As a result, much blame is laid at the feet of companies like Google, who are regularly blamed for not doing more to tackle infringements carried out by individuals and entities outside of their control.
Search results are a particularly sticky subject. Google, Bing, and Yahoo, for example, wish to provide the most comprehensive indexes possible. On the flip side, entertainment industry companies insist that those indexes shouldn’t help people find pirated content. If they do, it’s argued that these companies act as piracy facilitators.
This familiar battle is now underway in Russia, where Yandex is in receipt of a strongly-worded letter which accuses the search giant of being a big part of the piracy problem.
According to local publication Vedomosti, the letter is signed by Leonid Agronov, general director of the National Federation of the Music Industry, Alexei Byrdin, general director of the Internet Video Association, Sergei Selyanov, director of the Association of Film and Television Producers, and Pavel Stepanov, president of the Media Communication Union.
The entertainment giants explain that due to ‘pirate’ search results appearing in its indexes, Yandex is contributing to the growth of online piracy. They want the company to show responsibility by adopting measures to both find and remove infringing links from search and related products.

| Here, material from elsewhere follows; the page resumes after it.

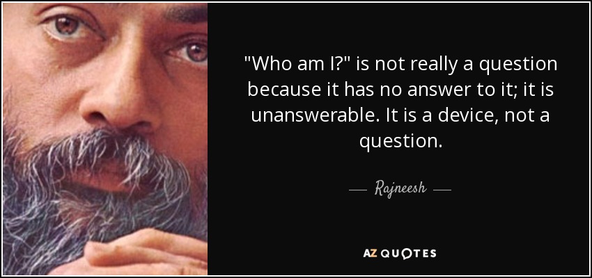 "Who am I?" is not really a question because it has no answer to it; it is unanswerable. It is a device, not a question.

“We urge Yandex to use all available methods to detect illegal content and eliminate it both from search results and from the applications and services of Yandex,” the letter reads.
It’s suggested that Yandex should take a similar path to that taken by search companies in the UK, via the signing of a Memorandum of Understanding which declares common interests in fighting piracy.
Yandex won’t be alone, however.
A spokesman for the Media and Communications Union, which is one of the groups behind the letter, told Vedomosti that a similar letter would be sent to Google in the near future. Needless to say, Google is no stranger to these kinds of allegations, whether in Europe or the United States.
In the letter, search engines like Yandex are accused of promoting illegal resources over legal content, resulting in revenue being siphoned away from legitimate players and into the hands of criminals. The search engine is also accused of taking down material in response to demands under the DMCA, but not doing enough in Russia.
“Yandex actively cooperates with copyright holders and is working to improve the culture of legal content consumption,” the company said in a statement, adding that it actually stands to benefit from ads promoting sales of non-infringing content.
“Yandex stands for an honest Internet, in which quality legal content is available to the user and rightsholders earn from that legitimate consumption,” the company said.
Unlike in the United States under the DMCA, content isn’t as readily taken down in Russia. Yandex also opposes filtering search results, warning that the system is easily abused by rightsholders and others looking to stifle competition.
That being said, Yandex says that rightsholders are welcome to take advantage of the local site-blocking mechanism which tackles both source sites and their mirrors. With these inaccessible, ‘pirate’ search results become useless.